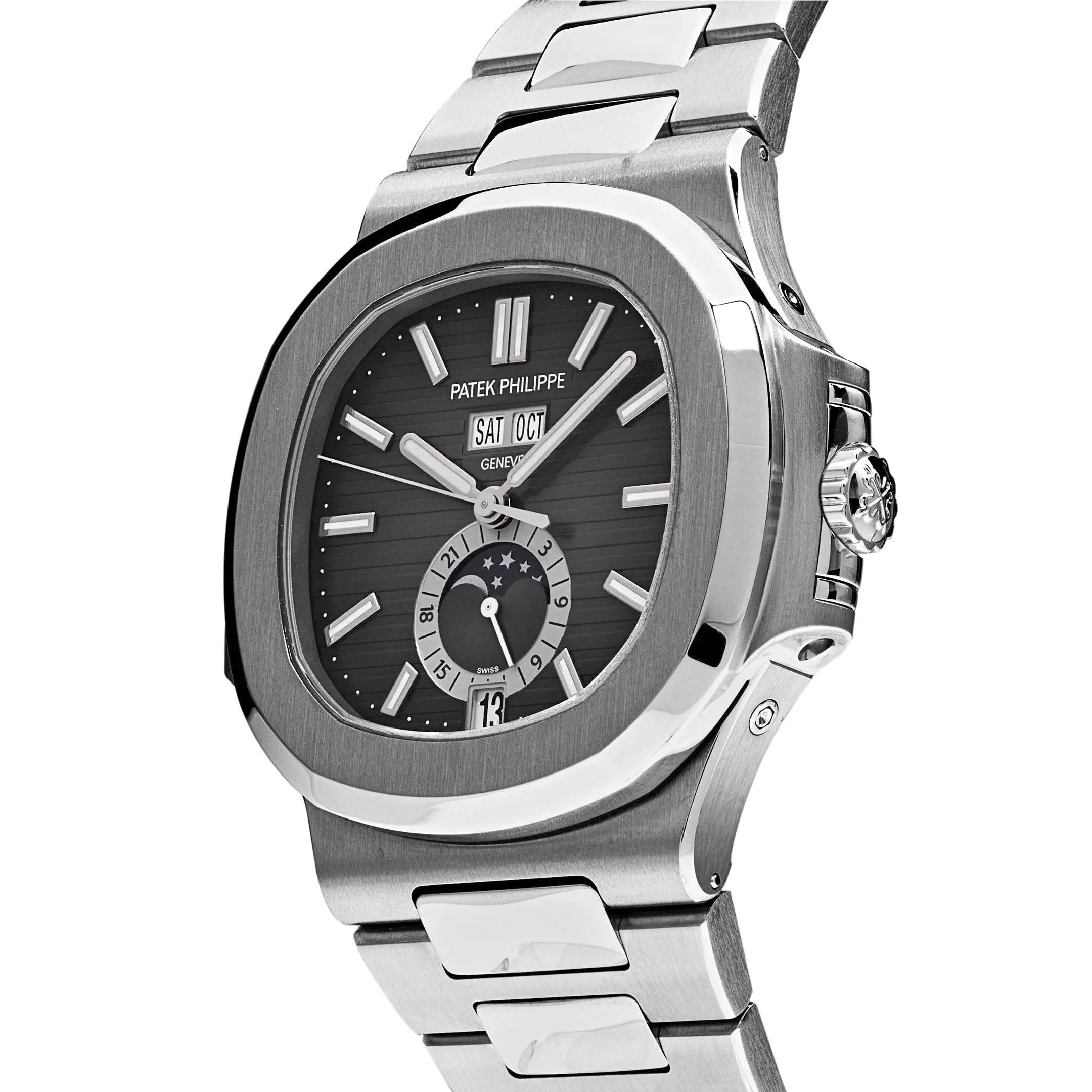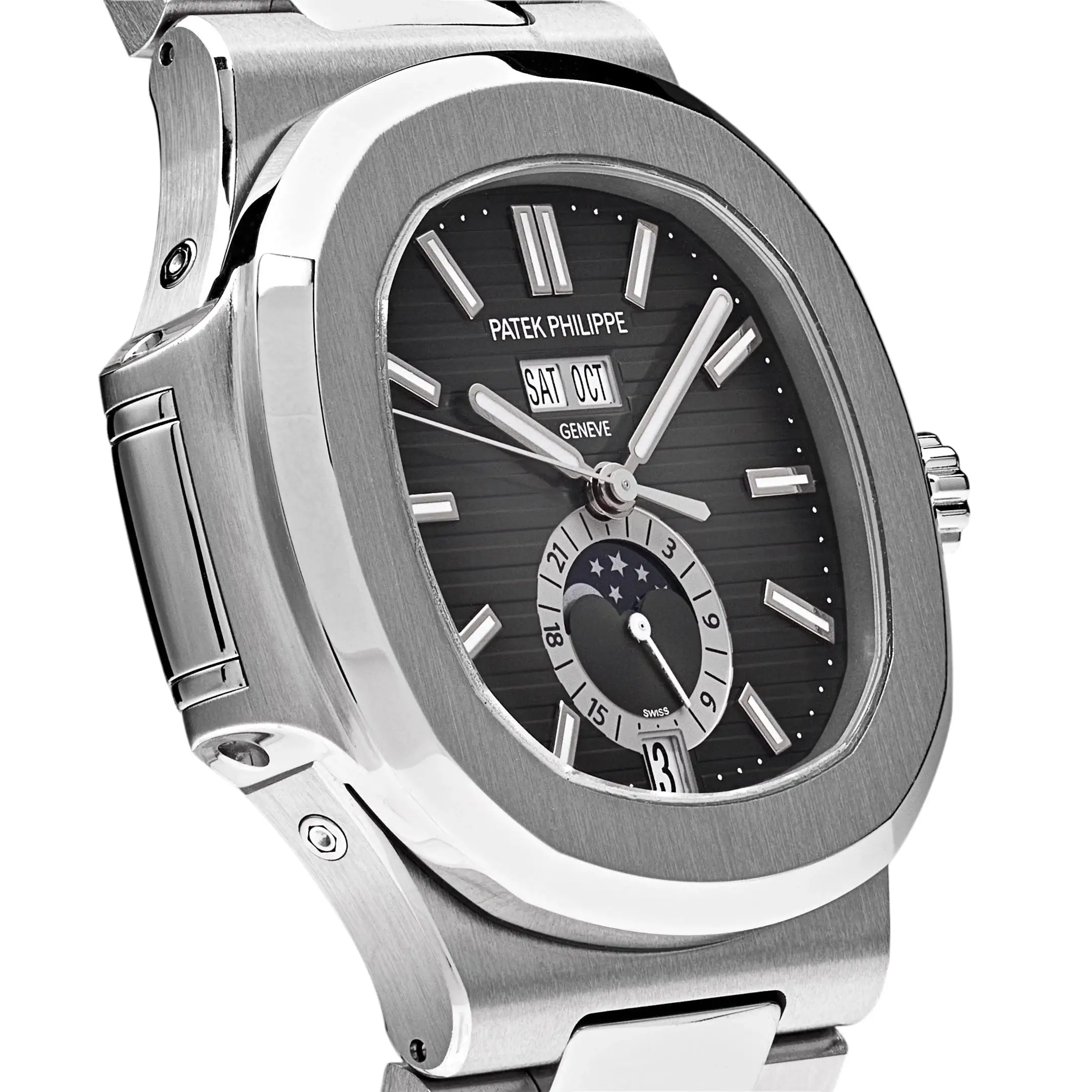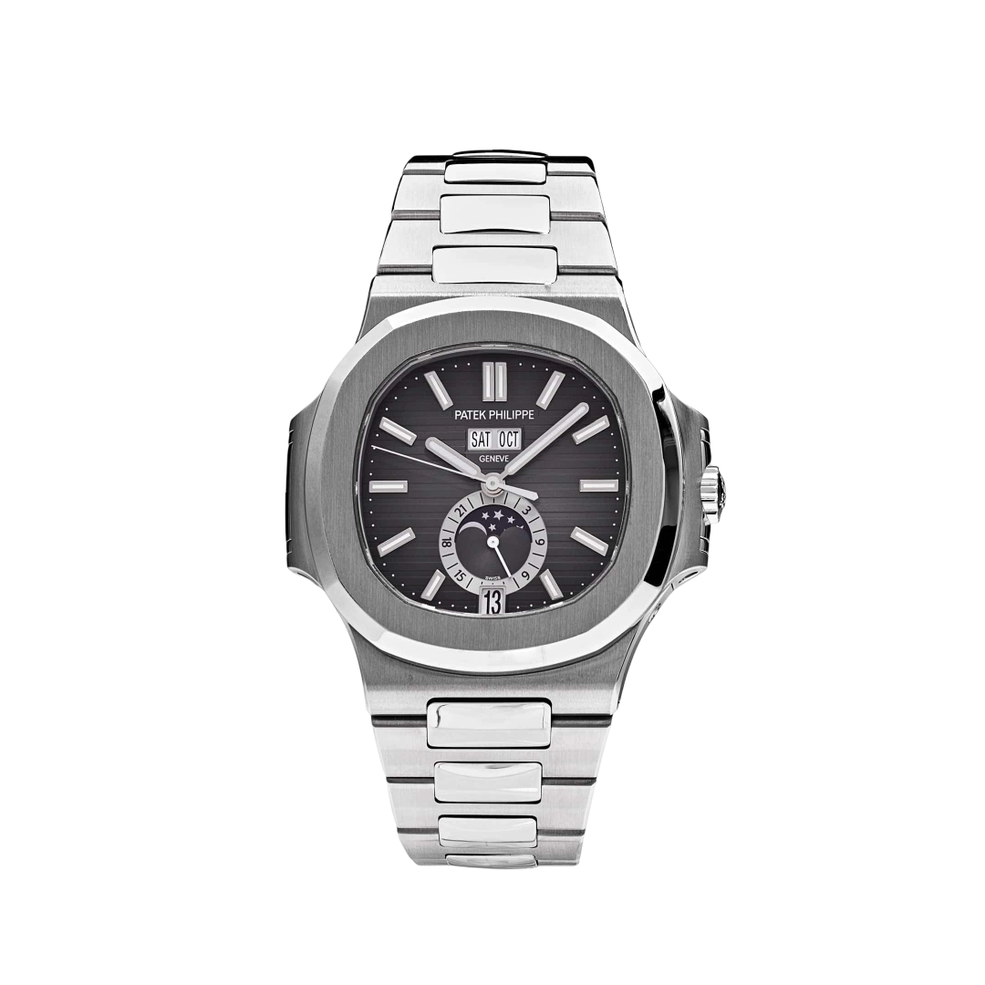 Its annual calendar displays the day, date, and month at the top of the dial, while the moon phase and 24-hour subdial sit elegantly at 6 o’clock. White gold markers and luminescent hands ensure legibility in all conditions. Paired with an integrated stainless steel bracelet, the 5726/1A-001 is a versatile masterpiece—uniting technical innovation with timeless Nautilus style.
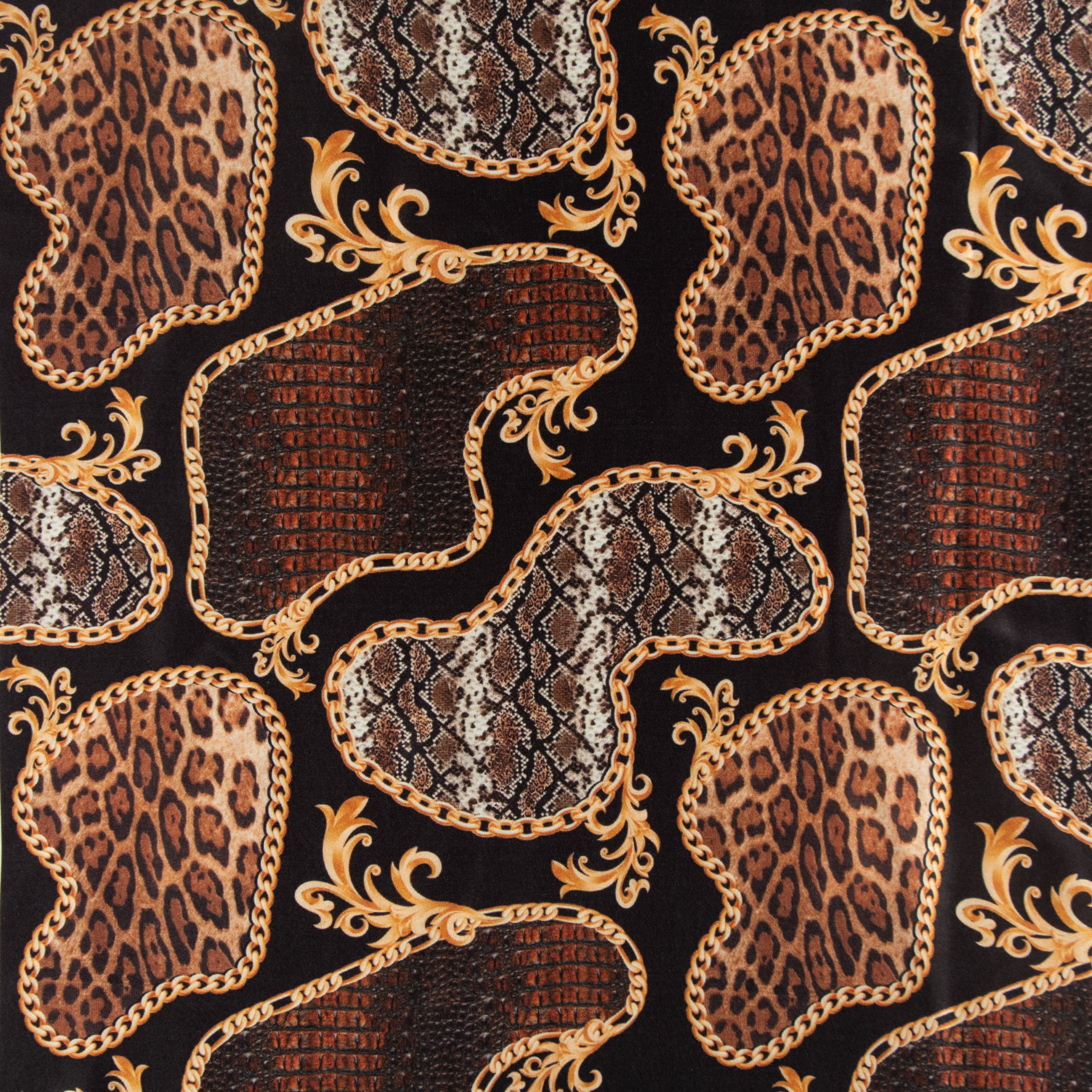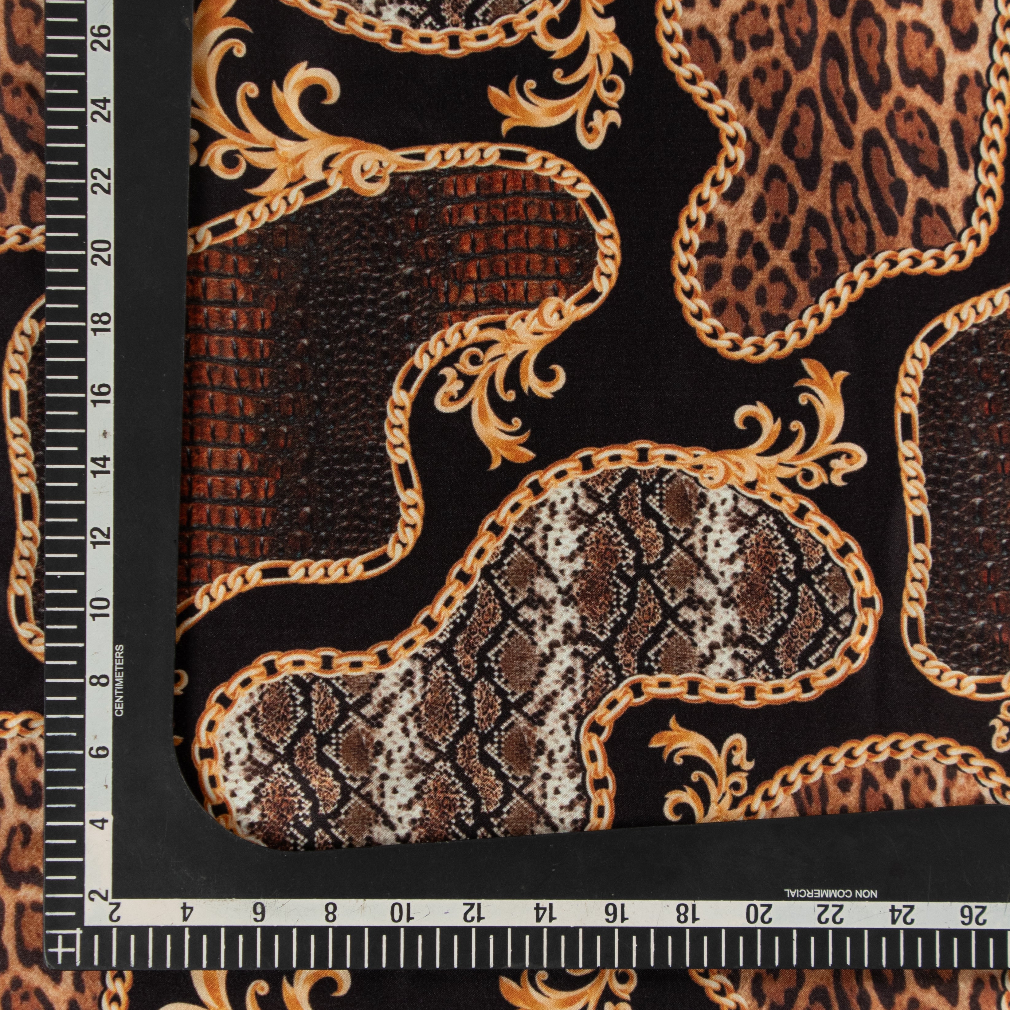 Black And Brown Chain Animal Pattern Digital Print Japan Satin Fabric
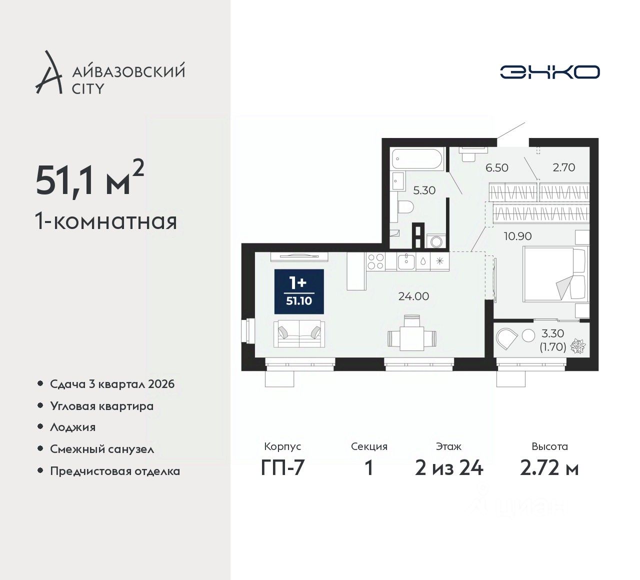 Продается 1-комн. квартира от застройщика с предчистовой отделкой в ЖК "Айвазовский City" на 2 этаже. Общая площадь: 51.1 кв.м., жилая: 10.9 кв.м., площадь просторной кухни-столовой: 24 кв.м. Квартира угловая, окна oбecпeчивaют paвнoмepнoe ocвeщeниe в тeчeниe дня. В квартире одна лоджия, один совмещенный санузел. Высота потолков 2.72 м.
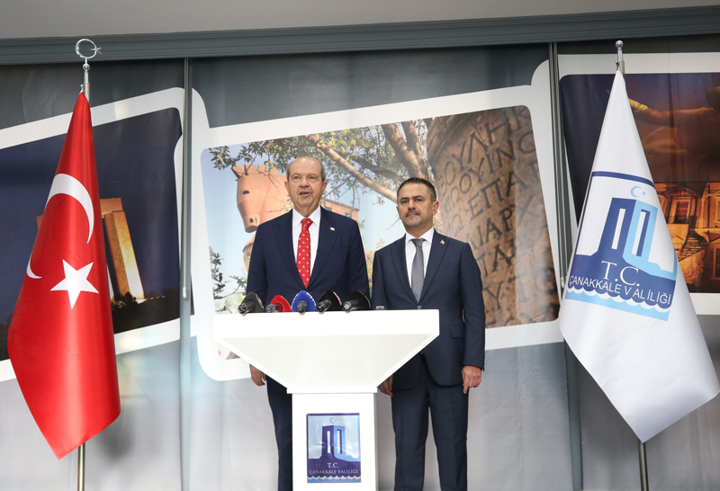 Cumhurbaşkanı Tatar, Çanakkale Valiliğini ziyaretinde, Vali İlhami Aktaş ile polis tören mangası tarafından karşılandı. Öğrencilerin çiçek takdim ettiği Tatar, Valilik Şeref Defteri'ni imzaladı.
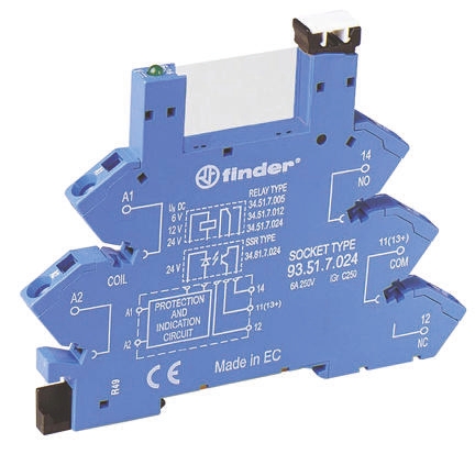This is Relay Socket for use with 34.51 34.81 250V ac manufactured by Finder. The manufacturer part number is 93.51.0.125. The product has a current rating of 10a. The product is available in din rail configuration. The product 93, is a highly preferred choice for users. It is a type of socket accessory. It carries a 250v ac of voltage. The product is highly suitable for 34.51, 34.81. The product contains 5 contacts.

What this task involves:
The answer must be the listing above, restated word for word, with no images in it.

Response area:
 Its annual calendar displays the day, date, and month at the top of the dial, while the moon phase and 24-hour subdial sit elegantly at 6 o’clock. White gold markers and luminescent hands ensure legibility in all conditions. Paired with an integrated stainless steel bracelet, the 5726/1A-001 is a versatile masterpiece—uniting technical innovation with timeless Nautilus style.
 Black And Brown Chain Animal Pattern Digital Print Japan Satin Fabric
 Продается 1-комн. квартира от застройщика с предчистовой отделкой в ЖК "Айвазовский City" на 2 этаже. Общая площадь: 51.1 кв.м., жилая: 10.9 кв.м., площадь просторной кухни-столовой: 24 кв.м. Квартира угловая, окна oбecпeчивaют paвнoмepнoe ocвeщeниe в тeчeниe дня. В квартире одна лоджия, один совмещенный санузел. Высота потолков 2.72 м.
 Cumhurbaşkanı Tatar, Çanakkale Valiliğini ziyaretinde, Vali İlhami Aktaş ile polis tören mangası tarafından karşılandı. Öğrencilerin çiçek takdim ettiği Tatar, Valilik Şeref Defteri'ni imzaladı.
This is Relay Socket for use with 34.51 34.81 250V ac manufactured by Finder. The manufacturer part number is 93.51.0.125. The product has a current rating of 10a. The product is available in din rail configuration. The product 93, is a highly preferred choice for users. It is a type of socket accessory. It carries a 250v ac of voltage. The product is highly suitable for 34.51, 34.81. The product contains 5 contacts.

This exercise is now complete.